AST-based indexing solves this by parsing source code into syntax trees and building a queryable graph of symbols, imports, call sites, and type relationships.
Tree-sitter AST Parsing
Tree-sitter is an incremental parser generator used by most codebase indexing tools. It provides:
- Grammar support for 66+ languages — one parser handles TypeScript, Python, Rust, Go, Java, C#, Ruby, and dozens more
- Incremental parsing — re-parses only changed regions, making it fast for large codebases
- Concrete syntax trees — every token is represented, enabling precise structural queries
When an indexing server starts, it runs tree-sitter over the codebase, builds syntax trees, extracts symbols (functions, classes, imports, exports), and stores the relationships in an index. Queries run against the index, not the source files — which is why they are fast and token-efficient.

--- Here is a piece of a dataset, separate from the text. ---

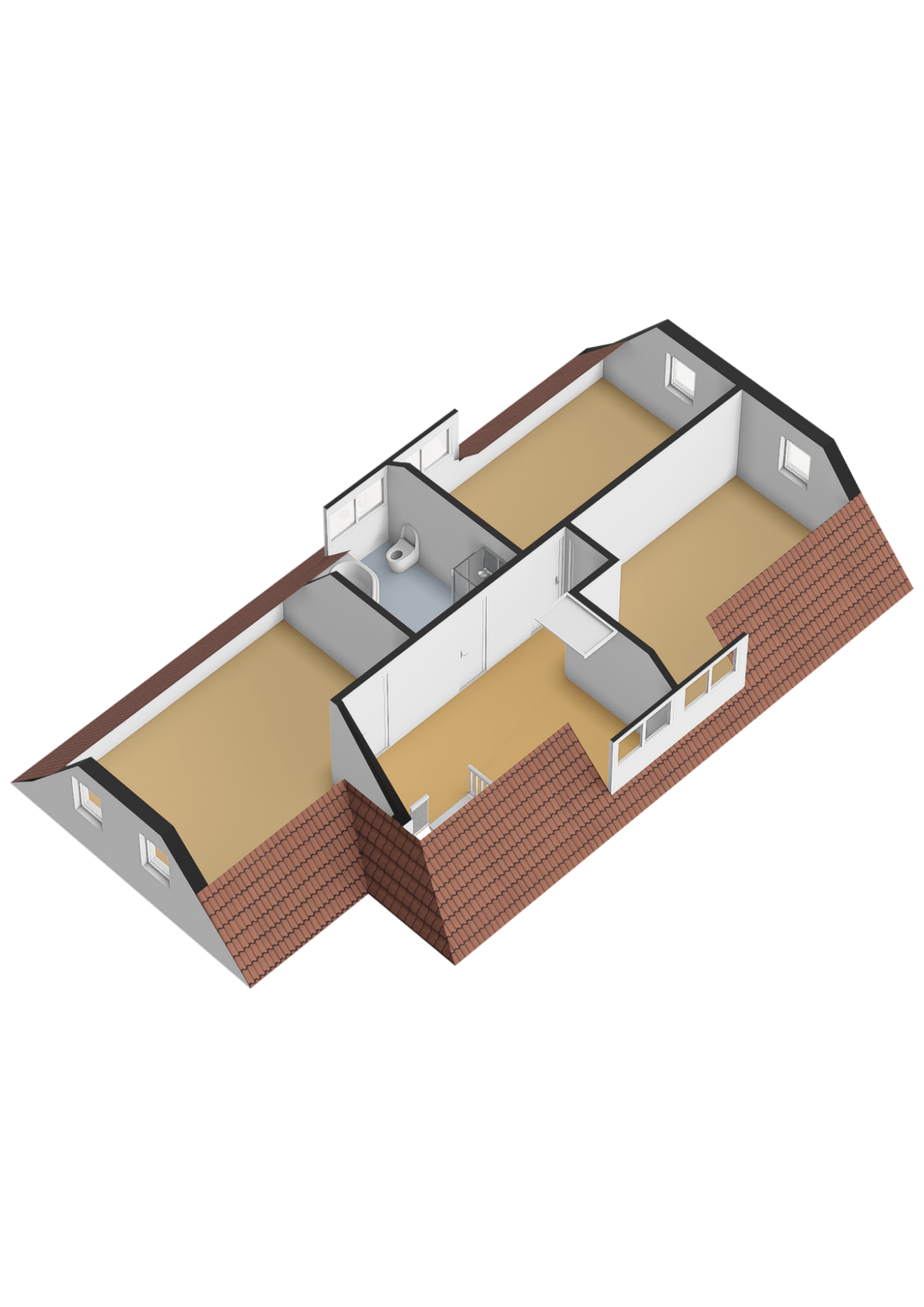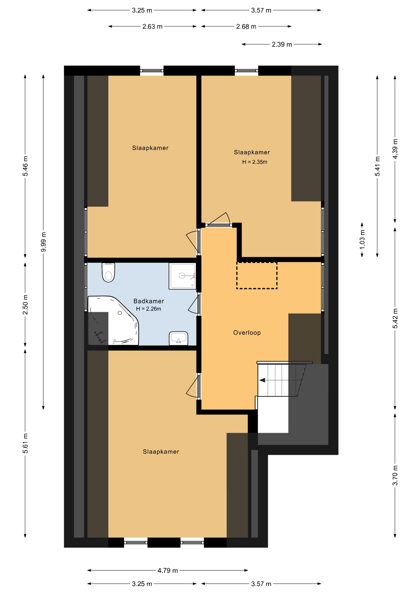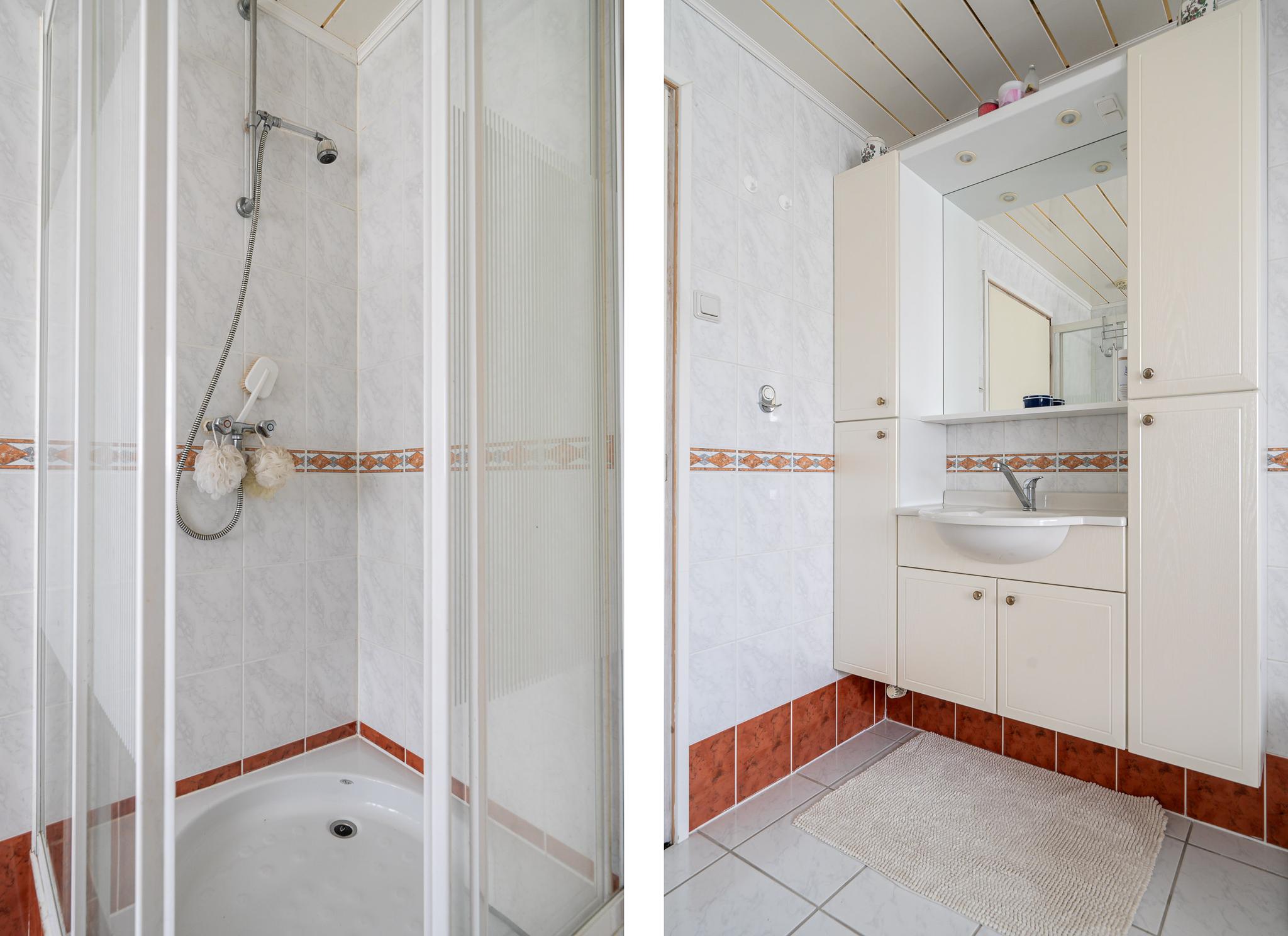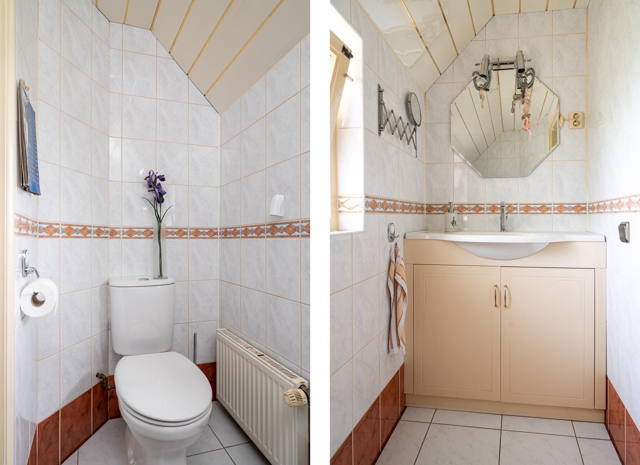 De verdieping is ruim opgezet en voorzien van overloop, drie ruime slaapkamers en de badkamer met douchehoek, ligbad, tweede toilet en wastafel.

Available Indexing Servers
Two MCP servers are commonly used for codebase indexing:
codebase-memory-mcp (DeusData) — builds a persistent knowledge graph:
- Indexes symbols, dependencies, and call chains using tree-sitter
- Stores the graph persistently (survives server restarts)
- Key tools:
search_symbols,get_dependencies,get_call_chain,get_file_summary - Claim: 83% answer quality at 10x fewer tokens compared to file exploration
jcodemunch-mcp — focused on structural queries:
- Key tools:
find_importers(who imports this module),get_blast_radius(what breaks if this changes),get_class_hierarchy(inheritance tree),find_dead_code(unreferenced exports) - Lighter weight than codebase-memory-mcp — no persistent graph, re-indexes on demand
Both are configured as MCP servers in .claude/settings.json or equivalent.
Token Cost Comparison
Worked example: "Find all callers of normalizeUser() and determine if changing its return type would break anything."

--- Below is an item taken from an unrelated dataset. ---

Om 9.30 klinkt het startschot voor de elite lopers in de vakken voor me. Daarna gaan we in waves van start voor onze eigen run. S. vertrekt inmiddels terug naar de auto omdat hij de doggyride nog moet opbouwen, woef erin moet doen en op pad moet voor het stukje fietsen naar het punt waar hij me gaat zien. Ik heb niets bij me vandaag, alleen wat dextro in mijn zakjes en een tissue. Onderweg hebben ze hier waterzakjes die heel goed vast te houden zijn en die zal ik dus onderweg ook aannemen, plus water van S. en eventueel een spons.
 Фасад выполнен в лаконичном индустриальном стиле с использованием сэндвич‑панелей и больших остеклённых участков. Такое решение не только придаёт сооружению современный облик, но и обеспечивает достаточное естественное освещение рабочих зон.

Approach 1: Grep-based exploration
| Step | Action | Token cost |
|---|---|---|
| 1 | grep -r "normalizeUser" --include="*.ts" | ~1,500 (results) |
| 2 | Read 5 files containing matches | ~10,000 (file content) |
| 3 | Agent reasons about each call site | ~2,000 (model output) |
| 4 | Repeat for indirect callers | ~8,000 (more reads) |
| Total | ~21,500 tokens, 8+ tool calls |
Approach 2: Codebase indexing
| Step | Action | Token cost |
|---|---|---|
| 1 | get_blast_radius("normalizeUser", "src/utils/users.ts") | ~800 (structured result) |
| 2 | Agent reviews the structured dependency list | ~500 (model output) |
| Total | ~1,300 tokens, 1 tool call |
The indexing approach uses 16x fewer tokens and gives a more reliable answer because it understands imports and call chains, not just string matches.

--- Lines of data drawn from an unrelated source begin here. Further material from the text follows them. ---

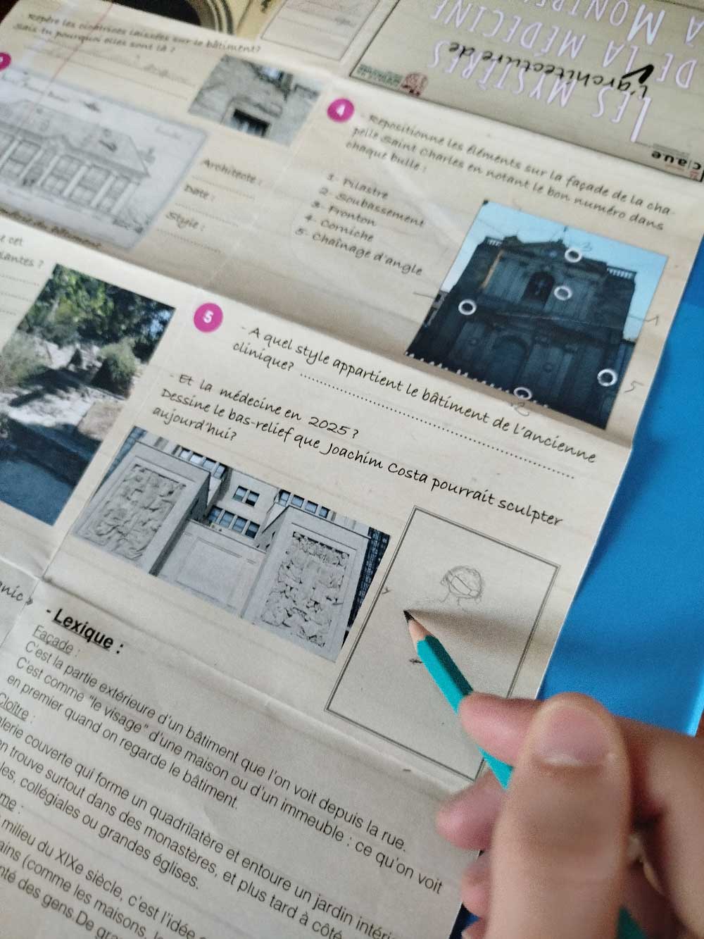 Tout au long du parcours, les élèves des écoles primaires Michel de l’hospital et Sigmund Freud ainsi que la Calandreta Dau Clapas étaient munis d’un support de visite illustré, conçu comme une véritable carte d’exploration. À travers des questions d’observation, des devinettes et des jeux de repérage architectural et botanique, ils ont appris à lire la ville autrement : décrypter les symboles, reconnaître les styles, identifier les plantes médicinales et relier chaque lieu à une époque de l’histoire de Montpellier. Ce carnet de parcours leur a permis de garder une trace concrète de la balade, tout en nourrissant leur curiosité.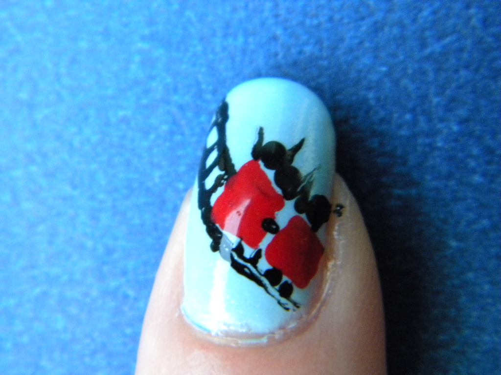 I couldn’t find my Sally Hansen black nail pen, so the black is kind of sloppy. I’m not as good at straight lines with a dotting tool.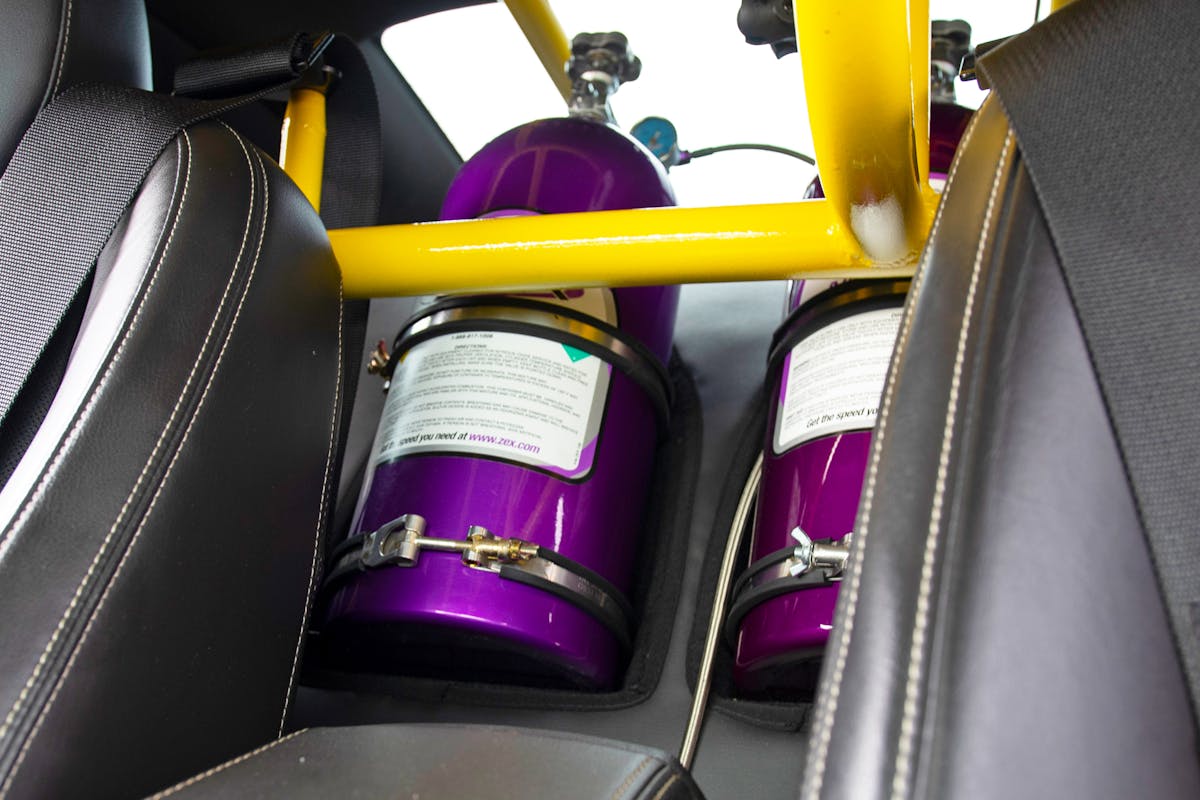 Another attention grabber is the twin nitrous bottles mounted in the trunk area that are an active horsepower adder as well. “Before the supercharger, I had a nitrous system on top of the engine,” Meeks adds. “I didn’t want to lose that, so I plumbed some nitrous injectors into the manifold assembly.”

When to Use Indexing vs LSP vs Grep
| Need | Best tool | Why |
|---|---|---|
| Find a string in files | Grep | Fastest, simplest, no setup |
| Go to definition / find references for a symbol | LSP | Type-aware, precise, language-specific |
| "Who imports this module?" | Indexing | Cross-file structural query |
| "What breaks if I change this?" | Indexing | Blast radius requires dependency graph |
| "Show me the class hierarchy" | Indexing | Multi-level inheritance traversal |
| Quick filename search | Glob | Pattern matching, no parsing needed |
| Type information for a variable | LSP | Semantic analysis, not text search |
The three approaches are complementary. Grep is always available and costs nothing to set up. LSP adds type-aware intelligence for one language at a time. Indexing adds cross-file structural understanding across the entire codebase. Use the simplest tool that answers your question.
Progressive Discovery
Every tool definition costs tokens. Every skill description costs tokens. Every file the agent reads costs tokens. The context window is finite. If you dump everything upfront — all tool schemas, all skill bodies, all project documentation — you exhaust the budget before the agent starts working.
Progressive discovery is the pattern that solves this: provide minimal metadata upfront, load full details only when needed.
The Information Overload Problem
A typical well-configured coding environment might have:
- 15 built-in tools (~500 tokens each = 7,500 tokens)
- 20 MCP tools from 3 servers (~1,000 tokens each = 20,000 tokens)
- 10 skills (~100 tokens discovery each = 1,000 tokens)
- Project instructions in CLAUDE.md (~2,000 tokens)
That is 30,500 tokens of overhead before the first user message. On a 200K context window, 15% of the budget is spent on tool definitions alone. On a 128K window, it is 24%.
Now scale it. An enterprise environment with 50 MCP tools, 30 skills, and detailed project instructions can consume 80,000+ tokens at startup. That leaves barely enough room for a meaningful conversation.
The Progressive Discovery Pattern
The solution is a three-level hierarchy:
Level 1 — Existence. The agent knows something exists and roughly what it does. Cost: ~50–100 tokens per item.
Level 2 — Schema. The agent loads the full interface: parameter names, types, constraints, examples. Cost: ~500–1,400 tokens per item. Only loaded when the agent considers using the item.
Level 3 — Content. The actual data: a file's full contents, a skill's complete instructions, a resource's data. Cost: varies widely. Only loaded when the agent commits to using the item.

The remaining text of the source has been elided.